Si no nos lo dijese el mismo Jesucristo, ¿Quién de nosotros podría llegar a comprender el amor que ha manifestado a les criaturas, dándoles su Cuerpo adorable y su Sangre preciosa, para servir de alimento a les almas?. ¡Caso admirable! Un alma tomar cómo alimento a su Salvador... ¡y esto no una sola vez, sino cuántas le plazca!... ¡Oh, abismo de amor y de bondad de Dios con sus criaturas!... Nos dice San Pablo que el Salvador, al revestirse de nuestra carne, ocultó su divinidad, y llevo su humillación hasta a anonadarse. Pero, al instituir el adorable sacramento de la Eucaristía, ha velado hasta su humanidad, dejando sólo de manifiesto las entrañas de su misericordia. ¡Ved de lo que es capaz el amor de Dios con sus criaturas!... Ningún sacramento puede ser comparado con la Sagrada Eucaristía. Es cierto que en el Bautismo recibimos la cualidad de hijos de Dios Y, de consiguiente, nos hacemos participantes de su eterno reino; en la Penitencia, se nos curan las llagas del alma y volvemos a la amistad de Dios; pero en el adorable sacramento de la Eucaristía, no solamente recibimos la aplicación de su Sangre preciosa, sino además al mismo autor de la gracia. Nos dice San Juan que Jesucristo «habiendo amado a los hombres hasta el fin»( Ioan., XIII, 1), halló el medio de subir al cielo sin dejar la tierra; tomo el pan en sus santas y venerables manos, lo bendijo y lo transformó en su Cuerpo; tomo el vino y lo transformó en su Sangre preciosa, y, en la persona de sus apóstoles, transmitió a todos los sacerdotes la facultad de obrar el mismo milagro cuántas veces pronunciasen las mismas palabras, a fin de que, por este prodigio de amor, pudiese permanecer entre nosotros, servirnos de alimento, acompañarnos y consolarnos. «Aquel, nos dice, que come mi carne y bebe mi sangre, vivirá eternamente; pero aquel que no coma mi carne ni beba mi sangre, no tendrá la vida eterna» (Ioan., VI, 54-55.). ¡Oué felicidad la de un cristiano, aspirar a un tan grande honor cómo es el alimentarse con el pan de los Ángeles!... Pero ¡ay!, ¡cuan pocos comprenden esto!... Si comprendiésemos la magnitud de la dicha que nos cabe al recibir a Jesucristo, ¿no nos esforzaríamos continuamente en merecerla?. Para daros una idea de la grandeza de aquella dicha, voy a exponeros: 1.° Cuán grande sea la felicidad del que recibe a Jesucristo en la Sagrada Comunión, y 2.° Los frutos que de la misma hemos de sacar.

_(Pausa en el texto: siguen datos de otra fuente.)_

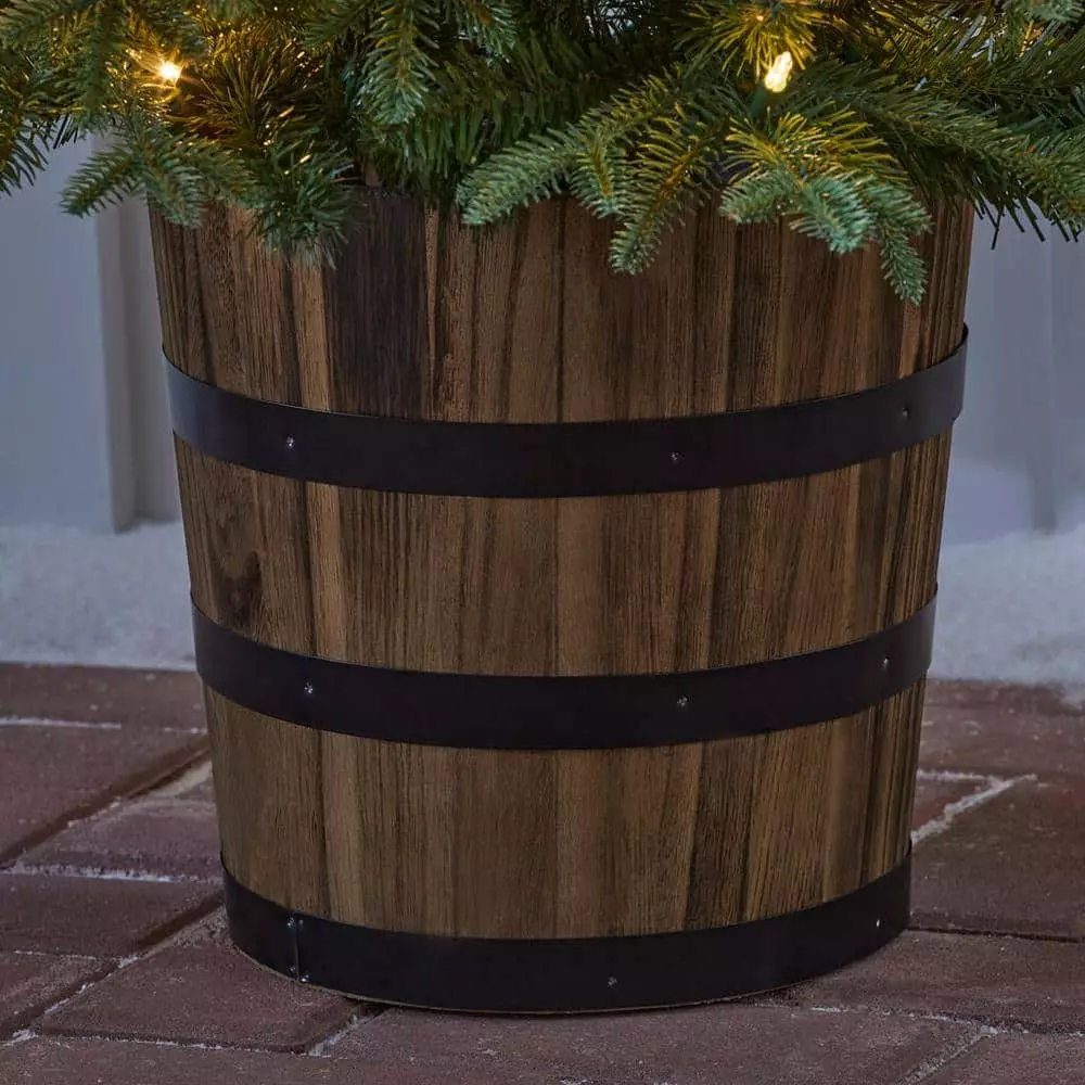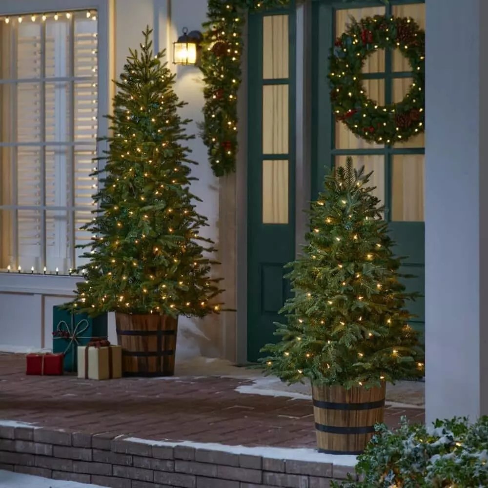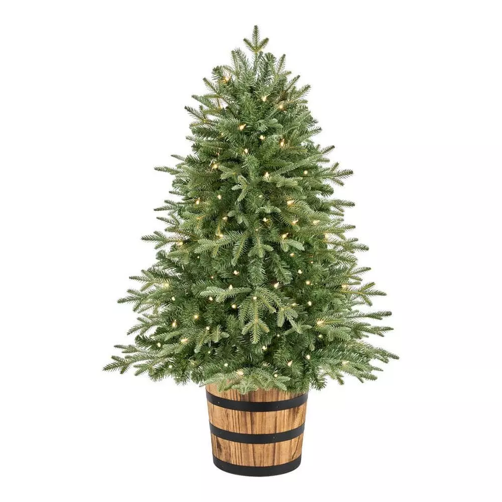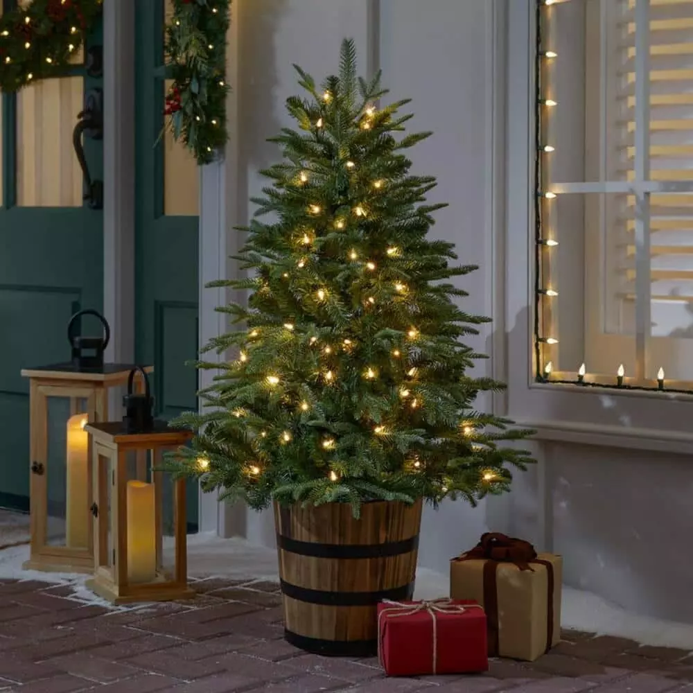 Go for a classic, elegant look with this 4-foot Fraser fir pre-lit incandescent artificial Christmas tree. The abundant green foliage features 558 branch tips that are ready for decorating with your favorite ornaments. Pre-wired with 70 warm white clear lights, this artificial fir tree gives your home a lively glow. Incandescent lighting delivers bright illumination, while the wooden barrel pot adds visual flair and offers stability. Suitable for covered outdoor areas, this Fraser fir pre-lit incandescent artificial Christmas tree lets you dress up your porch, hallway or veranda.
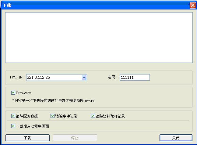 MT8000係列人機帶有以太網接口,通過Ethernet網絡,可以實現對遠程人機或者PLC數據的監控,同時也可以實現對遠程MT8000人機下載程序。 MT8000遠程監控係統的結構圖如下:  其中,MT8000人機上可以連接多種控製器。 實現MT8000的遠程監控功能,首先要對被訪問的MT8000人機所在的局域網的路由器進行設置,方法如下: 1.MT8000的IP設置 觸摸機器的右下角,會在機器底部出現一條工具欄,左麵有4個圖標,如圖示  點擊第四個“System Setting”圖標,輸入密碼後(默認密碼111111),出現如下圖所示對話窗口: 在“Netword”一欄中,設定機器的IP地址,完成後保存確定即可。建議設定後重啟一下機器再下載程序。 同時,在EB8000軟件中,設置MT8000的端口號,如下圖所示,可以設為8000.  2.路由器的設置 通過設置路由器,將8000端口號映射到MT8000人機的IP地址上。以TP-LINK路由器為例介紹設置: 在IE地址欄中輸入IP:192.168.1.1,彈出窗口如下圖所示:  輸入路由器對應的用戶名和密碼後,進入路由器的設置界麵,將虛擬服務器設置成如下圖所示,即將端口8000映射到MT8000的IP地址,同時將下載的20248端口也映射到MT8000的IP地址。  路由器設置完成後,保存退出就可以了。 同時,也要注意查看一下外網的IP,此時IP為:221.0.152.26。 3.MT8000遠程監控 打開EB8000軟件,新建一個程序,此程序即用來模擬監控遠程人機的數據。係統參數設置如下:  添加完遠程MT8000人機的設備清單如下圖所示:  然後,在EB8000的編輯界麵中,設置2個元件: 位狀態切換開關,設置如下圖所示:  注意:PLC名稱處,選擇的是遠端人機對應的名稱。 再放置一個數值輸入元件,如下圖所示:  注意:PLC名稱處同樣要選擇遠端人機對應的名稱。 設置完成後,既可保存編譯程序,執行離線模擬或者在線模擬,當切換LB0的狀態時,遠端MT8000人機上的LB0的狀態會對應的改變;當在電腦上對LW0輸入一個數值時,在遠端的MT8000人機上的LW0地址會顯示電腦上輸入的數值。相反地,也可以在電腦上查看遠端MT8000人機上的數據變化。 至此,即實現了MT8000的遠程監控功能。 4.MT8000遠程下載和上傳 在遠端MT8000人機所在局域網的路由器已經設置好的基礎上,即可開始遠程下載和上傳操作了。 在電腦上打開EB8000軟件,在“Project Manager”窗口上,點擊“下載”按鈕,出現如下圖所示對話框,  [Firmware]一般第一次下載時會選中 [工程文件]要下載到遠端MT8000 人機中的XOB文件所在路徑 [配方數據RW]如果有此配方文件,需要選中 [配方數據RW_A]如果有此配方文件,需要選中 [資料取樣記錄]如果有此資料取樣記錄文件,需要選中 [HMI IP]此處填寫遠端MT8000 人機的IP地址,為:221.0.152.26 [下載完成後自動重啟觸摸屏]如果此項被勾選,程序下載完成後會重啟觸摸屏 [清除配方數據]如果此項被勾選,下載程序前會將機器中的所有配方數據清除為0 [清除事件記錄]如果此項被勾選,下載程序前會將機器中的所有事件記錄文件event log清除 [清除資料取樣記錄]如果此項被勾選,下載程序前會先清除機器上存在的所有Data log文件 設置完成後,點擊“開始下載”,出現提示程序下載進度的對話框,當最後顯示“完成”時,即程序已下載完畢。 也可以在EB8000軟件的編輯界麵中,點擊 執行下載,設置窗口如下所示:  無論哪種路徑下載,下載進度的提示信息都是相同的。 如果是遠程上傳,則在EB8000的“Easy Manager”窗口上點擊“上傳”按鈕,出現下圖所示的對話框:  [工程文件]選擇好將上傳的XOB文件保存在電腦的哪個路徑下麵 [HMI IP]即遠端MT8000人機所在局域網的外網IP,此處為:221.0.152.26 設置好,點擊“上傳”按鈕,程序開始上傳。
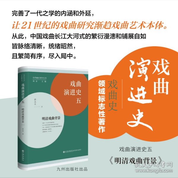 戏曲演进史是曾永义教授以剧种的演进为骨架,参照诸多文献资 料与底本,编成的鸿篇巨制,全面阐述了中国戏曲的演进过程,被认为“完善了一代之学的内涵和外延”,是该领域的标志著作。本书包括两大部分:“金元明北曲杂剧编”之第十四章至十五章以及“明清南杂剧”。各部分具体内容如下:“金元明北曲杂剧编”第十四章“北曲杂剧之余势:明初宪宗成化以前百二十年作家作品述评”、第十五章“周宪王及其诚斋杂
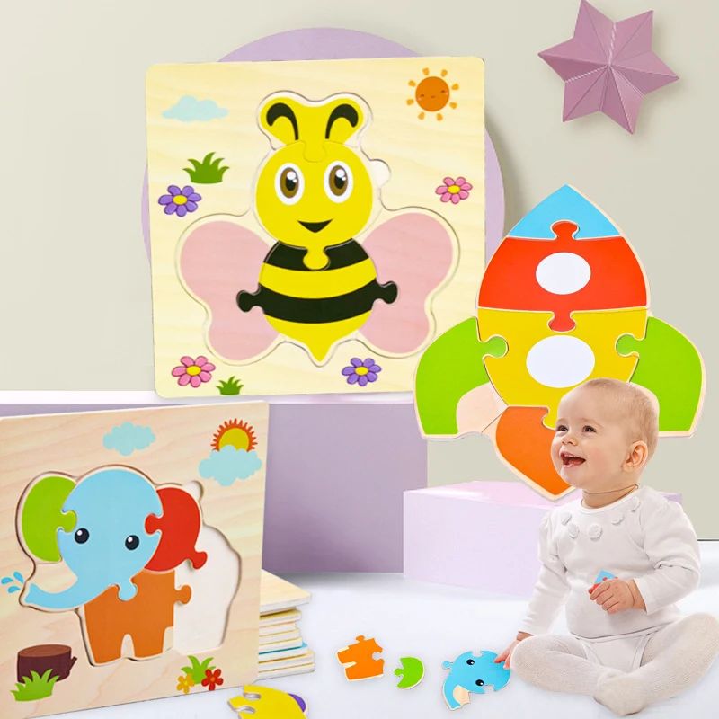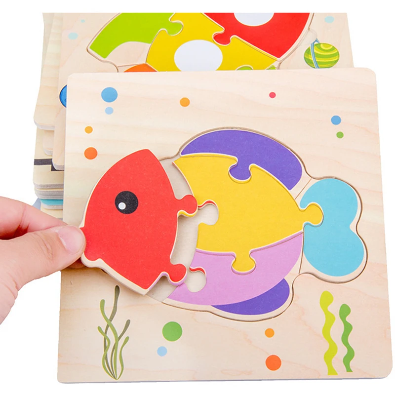 Детские игрушки, Деревянный 3d пазл, Обучающие Мультяшные животные,...
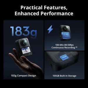 - Next-Level 8K Performance - Keep the action going with your 360 camera supporting 8K/30fps videos for up to 100 minutes [4] nonstop. For every adventure or event, your action camera never misses a beat.
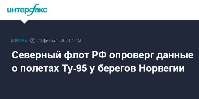 Северный флот РФ опроверг данные о полетах Ту-95 у берегов Норвегии
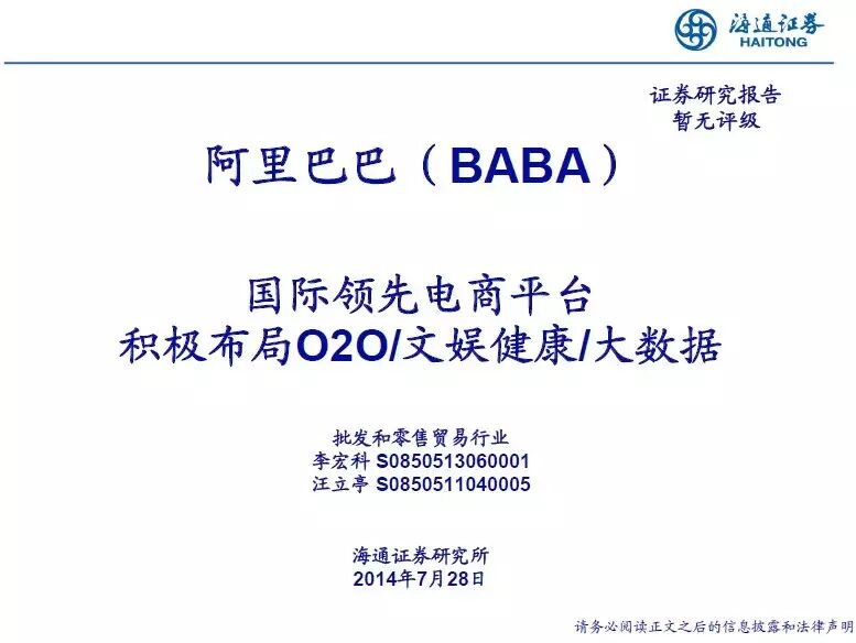【阿里巴巴深度研究】国际领先电商平台,积极布局O2O文娱健康大数据 by 李宏科 汪立亭
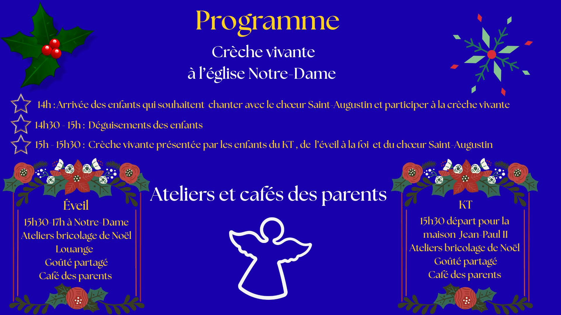 Au programme : Crèche vivante, ateliers bricolage et louange animée par un groupe invité surprise ! Plus de détails en bas de ce mail ;-)
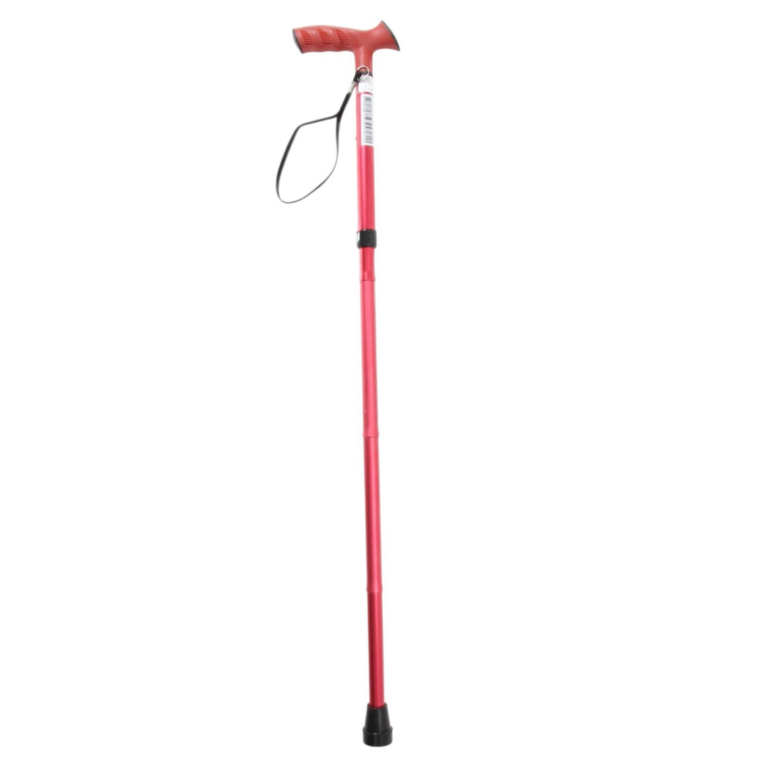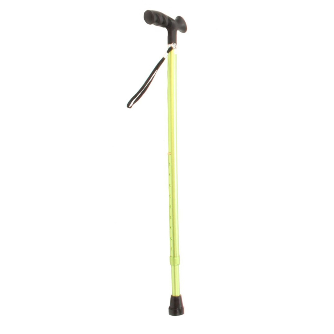 De wandelstok wordt geleverd met een rubberen stokdop en polsbandje, en is verkrijgbaar in meerdere kleuren.
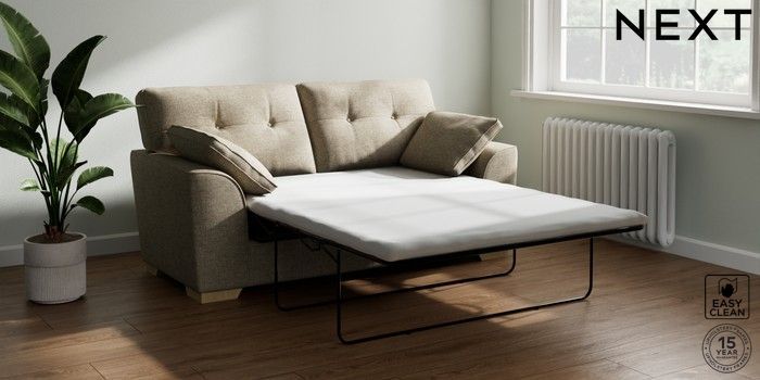 7.2.10 Buy Stamford Buttoned Back Sofa Bed Woven Chenille Easy Clean Mid Natural Large Square Angle - Light from the Seasons online shop Click here to use our website with more accessibility support, for example screen readers
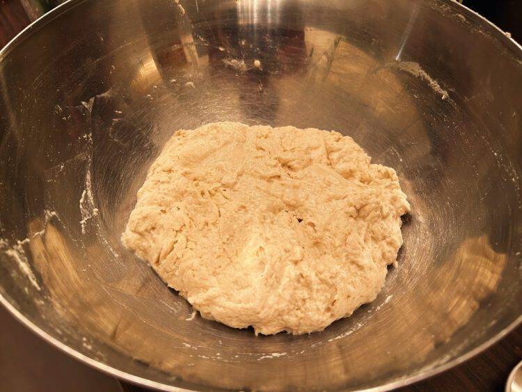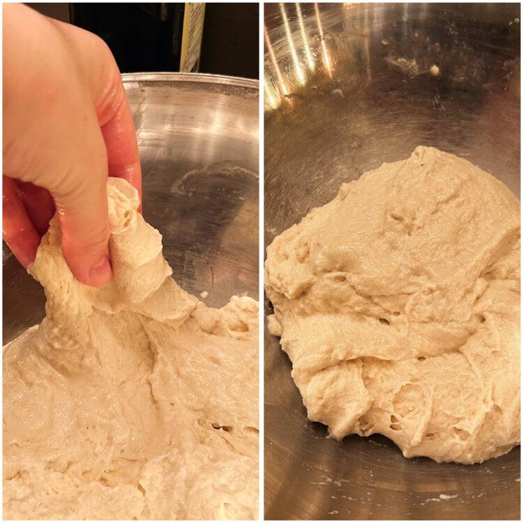 - Nach 10 Minuten den Handtuch abnehmen und mit befeuchten Händen nimm eine Handvoll Teig von der 12-Uhr-Position, zieh ihn leicht nach oben und dann über den Großteil des Teigs zur 6-Uhr-Position. Wiederhol das auf allen Seiten des Teigs, bis es sich so anfühlt, als hättest du etwas Spannung erzeugt und du den Teig nicht mehr weiter nach oben ziehen kannst. Er sollte sich zu einer groben Kugel straffen. Bedecke den Teig mit einem Handtuch. Nach weiteren 10 Minuten das gleiche wiederholen. Dieses Mal soll der Teig viel elastischer sein. Die Schüssel mit einer Frischhaltefolie bedecken und für mindestens 24 Stunden (am besten 48Std) in den Kühlschank ruhen lassen.
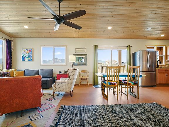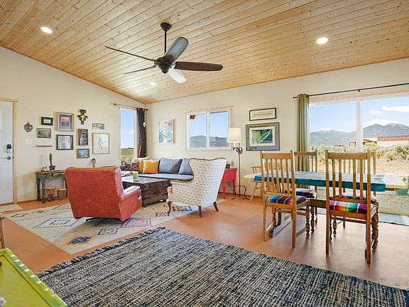 WIDE OPEN SPACES - Welcome to this charming pueblo-style home on Tortuga Mesa in Taos, offering breathtaking panoramic views in all directions. Located in an emerging residential area with buried utilities, this 2-bedroom, 2-bathroom home spans 1100 sq.ft on a serene 1.3-acre lot. Upon entry, the home captivates with its vaulted ceilings and durable concrete floors, complemented by abundant windows that invite spectacular views and natural light inside. The front entry portal and covered carport provide a warm welcome and sheltered parking. Open concept living/dining area with functional kitchen with stainless appliances. The primary bedroom has vaulted ceilings, door to the outdoor space and large ensuite bathroom with walk-in shower. Designed for comfort and efficiency, the home boasts a 3-zone radiant in-floor heating system, ensuring year-round comfort, while an on-demand hot water system and whole house water filter enhance convenience and quality of living. The owners have meticulously curated modern finishes and conveniences throughout, including custom tile work, designer lighting, and ceiling fans in each room. Unique Talavera sinks, antique bathroom mirrors, and exterior light fixtures add character and charm. Fully furnished if desired, this turnkey residence includes dimmable recessed lighting and built-in TV setup thoughtfully integrated to blend with the home s aesthetic. The north-facing orientation captures inspiring views of Taos Mountain, while west-facing windows frame stunning sunset vistas. Set amidst a beautiful gently rolling lot surrounded by native sagebrush, the property features a storage shed for gear and extras, a circular driveway for easy access, and a comfortable front porch area perfect for relaxing and enjoying the quiet surroundings. Additional amenities include a mini-irrigation system for flowerpots, ample storage with large closets, and an open floor plan that maximizes space and flow. A vintage stained glass transom window above the primary bedroom door adds a touch of historic elegance. This custom-built home has been a successful Guest Favorite Airbnb rental, boasting a 5-star average review. Ideal for those seeking a tranquil retreat or primary residence with modern conveniences, this meticulously maintained home offers a perfect blend of style, comfort, and Taos charm.
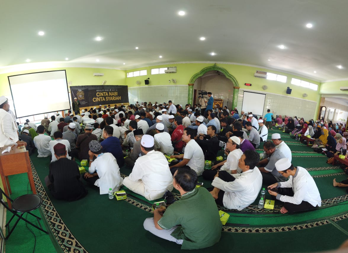 Seribuan warga Surabaya hadir dalam acara Tabligh Akbar Maulid Nabi Muhammad SAW 1441 H: Cinta Nabi Cinta Syariah, Ahad (10/11/2019) di salah satu masjid di Surabaya.

I.-Todos sabéis que la primera disposición para
recibir dignamente este gran sacramento, es la de examinar la conciencia,
después de haber implorado las luces del Espíritu Santo; y confesar después los
pecados, con todas las circunstancias que puedan agravarlos o cambiar de
especie, declarándolos tal cómo Dios los dará a conocer el día en que nos
juzgue. Hemos de concebir, además, un gran dolor de haberlos cometido, y hemos
de estar dispuestos a sacrificarlo todo, antes que volverlos a cometer.
Finalmente, hemos de concebir un gran deseo de unirnos a Jesucristo. Ved la
gran diligencia de los Magos en buscar a Jesús en el pesebre; mirad a la
Santísima Virgen; mirad a Santa Magdalena buscando con afán al Salvador
resucitado.
No quiero tomar sobre mi la empresa de mostraros toda
la grandeza de este sacramento, ya que tal coca no es dada a un hombre; tan
sólo el mismo Dios puede contaros la excelsitud de tantas maravillas; pues lo
que nos causara mayor admiración durante la eternidad, será ver cómo nosotros,
siendo tan miserables hemos podido recibir a un Dios tan grande. Sin embargo,
para daros una idea de ello, voy a mostraros cómo Jesucristo, durante su vida
mortal, no pasó jamás por lugar alguno sin derramar sus bendiciones en
abundancia, de lo cual deduciremos cuan grandes y preciosos deben ser los dones
de que participan los que tienen la dicha de recibirle en la Sagrada Comunión;
o mejor dicho, quo toda nuestra felicidad en este mundo consiste en recibir a
Jesucristo en la Sagrada Comunión; lo cual es muy fácil de comprender: ya que
la Sagrada Comunión aprovecha no solamente a nuestra alma alimentándola, sino
edemas a nuestro cuerpo, según ahora vamos a ver.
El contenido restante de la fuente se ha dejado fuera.